At this point Nimo goes blank. He sits there staring at the computer for a while. He then gets up, takes out the bottle of fine Glenfiddich he bought in the last port, pours himself a dram and proceeds to listen to BB King sing “Rock me baby… rock me all night long.”


End of transmission.


Over and out.


30.05.2010.


A neighbour’s father had passed away. We were at the crematorium in south Calcutta waiting in line. The corpse of a woman of about twenty to twenty three years of age lay on one side. Two young children, a boy and girl and an old man sat next to the corpse. One gentleman from our troupe with boredom and curiosity on his side came back with their sad story. The woman hit by a bus on the eastern metropolitan bypass had died on spot and had been lying in a government morgue for the past five days while her hapless family tried to arrange the money for her cremation. Finally they got the money but were unaware of the municipality charges for issuing the death certificate. So while the hapless father of the woman waited with her children the husband had gone off trying to arrange that paltry sum. I remember their faces. The children uncomprehending, probably hungry… they had lost their mother and were too young to grasp the rest. The father hollow and resigned, he had probably seen life get the better of them way too many a time. I noticed they were not in line. Time meant nothing to them. They didn’t know when or if the money will arrive. I didn’t have enough money that would put an end to their misery but I wore a gold chain that might have. I had this mad urge to give them the chain but I didn’t.
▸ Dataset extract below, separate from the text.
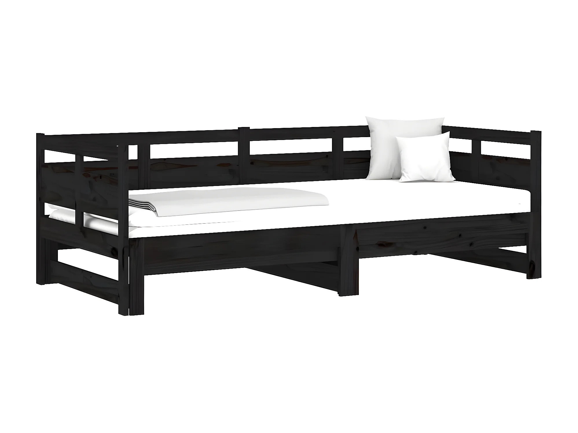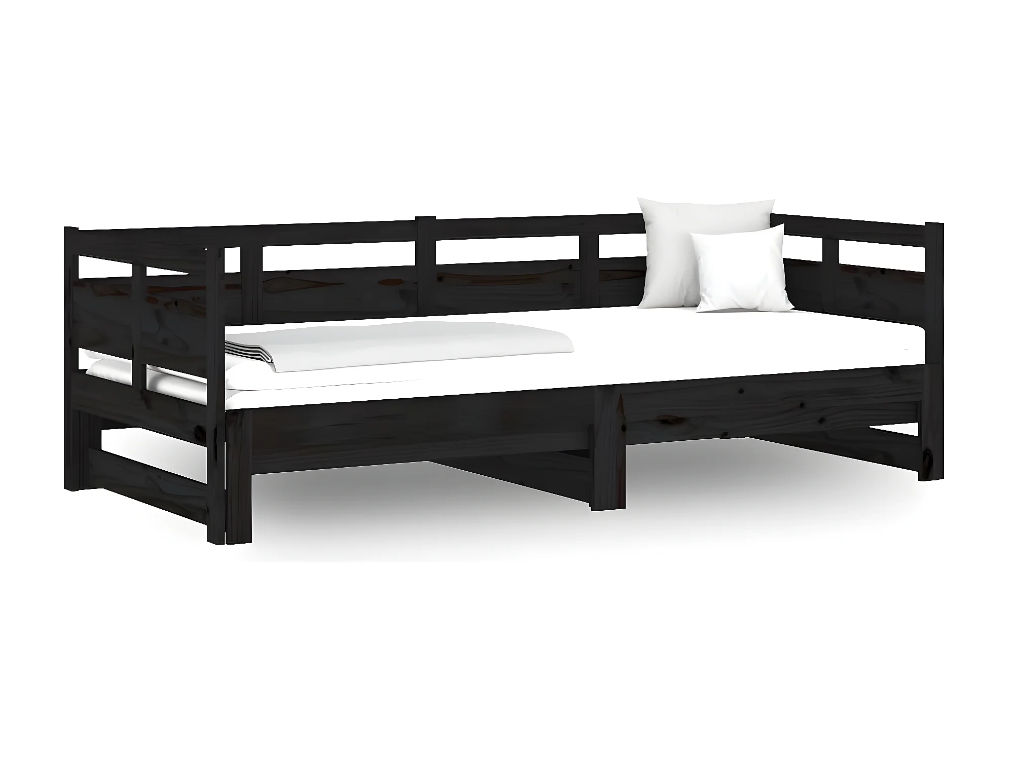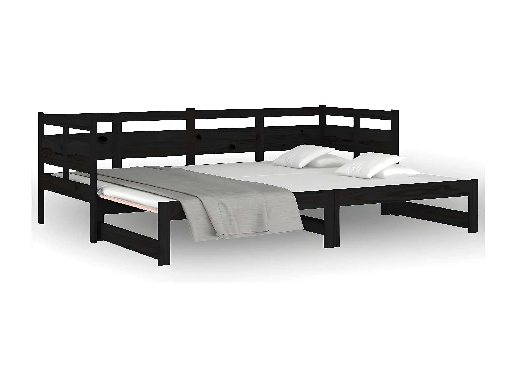 Lit gigogne Noir Bois de pin solide 2x(90x190) cm HOQW35304

I was scared my Mother and Aunt won’t understand or even if they did they would consider it an excess considering our middleclass existence. Fast forward to this day and this man… I wouldn’t care. I wouldn’t care about consequences. I would give away anything I have that I think might help. And that is my point. I don’t care anymore. I do not care about anything anymore.


And sometimes I wonder if that is a good thing or a bad thing.


02.05.2010.


I really must stop writing on bits of scrap paper. I purchased a chic writing pad and hope this strategic move will lead to writing regularly again. The inspiration was the wad of scrap paper trying to gather dust (cleanliness freaks do not allow dust to settle) on my desk. They were to metamorphose into posts. They didn’t.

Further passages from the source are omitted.